Graph-R1 addresses fundamental limitations in Retrieval-Augmented Generation (RAG) for LLMs, particularly the inability of chunk-based retrieval to capture complex knowledge structures and the inefficiency of existing graph-based RAG (GraphRAG) methods. Traditional RAG approaches rely on retrieving flat text chunks, which lack explicit relational semantics, while prior GraphRAG methods, though leveraging entity-relation graphs, are hampered by high construction costs, fixed one-shot retrieval, and dependence on prompt engineering and large LLMs for long-context reasoning. Graph-R1 introduces an agentic framework that models retrieval as a multi-turn interaction over a lightweight knowledge hypergraph, optimized end-to-end via reinforcement learning (RL). This design enables more expressive knowledge representation, adaptive retrieval, and tighter integration between structured knowledge and language generation.

Framework Overview

Graph-R1 consists of three principal components: (1) lightweight knowledge hypergraph construction, (2) multi-turn agentic reasoning over the hypergraph, and (3) outcome-directed end-to-end RL optimization.

Figure 1: Overview of the Graph-R1 framework: an RL-enhanced reasoning trajectory over knowledge hypergraph, where the agent iteratively decides to think, query, retrieve knowledge, and answer.

Knowledge Hypergraph Construction

Graph-R1 employs an LLM-based extractor to parse raw text into n-ary relational facts, forming a hypergraph $\mathcal{G}_H = (V, E_H, \phi)$ , where $V$ is the set of entities, $E_H$ the set of hyperedges (relations), and $\phi$ the embedding function. This approach encodes high-order relational structures, capturing richer semantics than binary graphs or flat chunks, while maintaining lower construction cost by omitting confidence scoring and using efficient semantic retrieval.
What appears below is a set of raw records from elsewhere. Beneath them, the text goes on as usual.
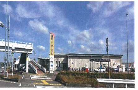
①とくとくターミナル
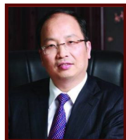
易会满 中国工商银行董 事长
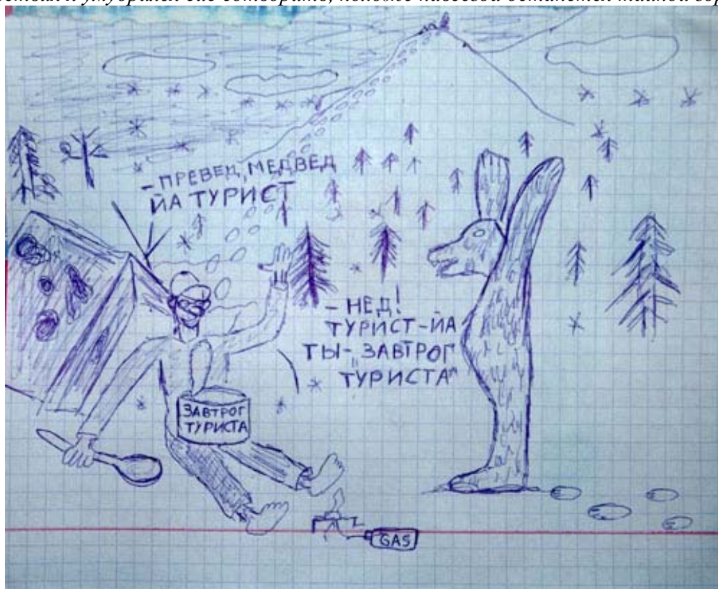
А это так.... В продолжение темы ;)

P.S. Прибыв в 5 утра домой – попил чаю и попёрся в травмпункт – оказалось палец на ноге сломал (вот ведь что значит электрическое освещение!!!!!! В темноте хибинской и не заметил бы, его распухшие округлости и синеватый цвет.) Когда за время путешествия я умудрился сие сотворить, похоже навсегда останется тайной гор ©.
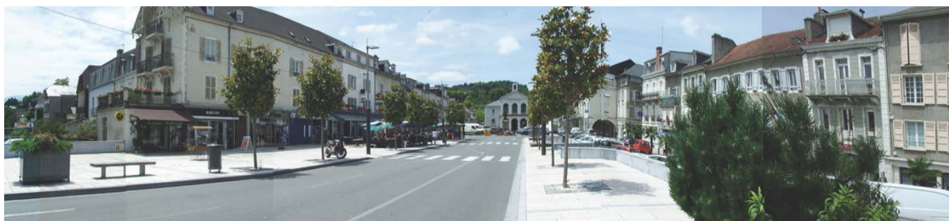
L'héritage des bastides est fortement présent dans des paysages urbains bien ordonnancés où la place centrale joue un rôle structurant.
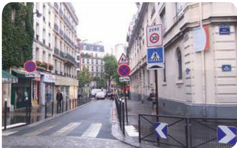
• Rue de Belzunce

La rue de Belzunce , où se trouve une école élémentaire, a été sécurisée par la création de 2 passages piétons surélevés au niveau des croisements de la rue de Belzunce avec les rues Fénelon et Saint-Vincent de Paul. Deux zones de stationnement ont été créées, au niveau du n°5 rue de Belzunce et du n°1 rue Saint-Vincent de Paul.
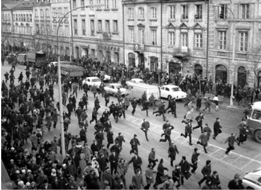
März 1968. Studentenunruhen in Warschau.

Das geschah kurz nach dem triumphalen Sieg Israels im Sechstagekrieg (Juni 1967) über die von der Sowjetunion bewaffneten und wirtschaftlich unterstützen arabischen Staaten. Auf Geheiß Moskaus mussten in der Folge alle Ostblockstaaten die diplomatischen Beziehungen zu Israel kappen. Das von den „USA-Imperialisten“ massiv unterstützte Israel stieg für einige Jahre zum „Erzfeind“ des Ostblocks auf. Da passte es gut, die jüdischen Genossen als Zionisten zu diffamieren, eine „fünfte Kolonne“, die angeblich mit Israel gemeinsame Sache machte.
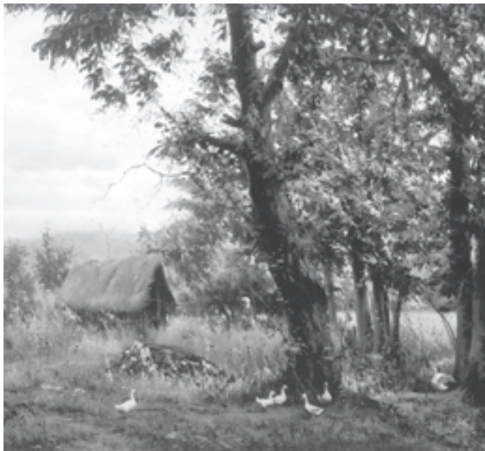
نقاشی آبرنگ اثر: رحیم نوه‌سی
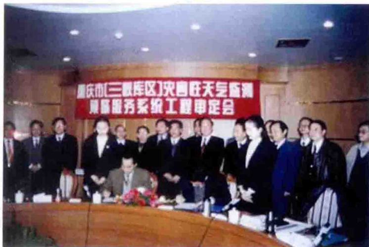
1998年，重庆市（三 峡库区）灾害性天气监测 预警服务系统工程审定会
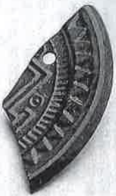
霧島市・本御遺跡
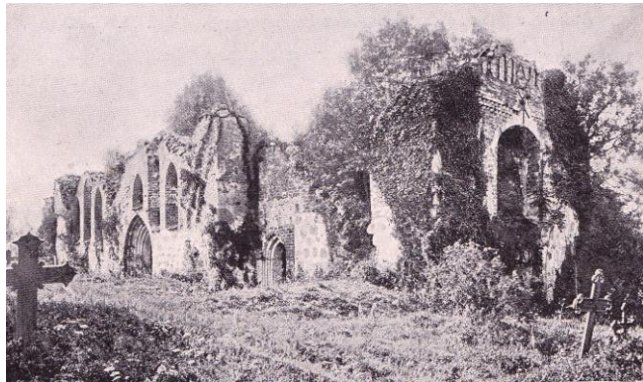
Alte Satower Kirche, Aufnahme vor 1901
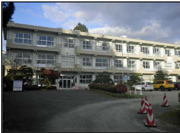
除染現場 (里白石小学校)

Multi-Turn Agentic Reasoning

The agent operates in a Markovian environment defined by the hypergraph, with an action space comprising four sub-actions: thinking (reflection), query generation, graph retrieval, and answering. At each step, the agent decides whether to continue reasoning (by generating a new query and retrieving knowledge) or to terminate and produce an answer. Retrieval is performed via a dual-path mechanism: entity-based hyperedge retrieval and direct hyperedge retrieval, with results fused by reciprocal rank aggregation. This multi-turn interaction enables the agent to iteratively refine its knowledge state, adaptively explore the graph, and balance exploration with answer generation.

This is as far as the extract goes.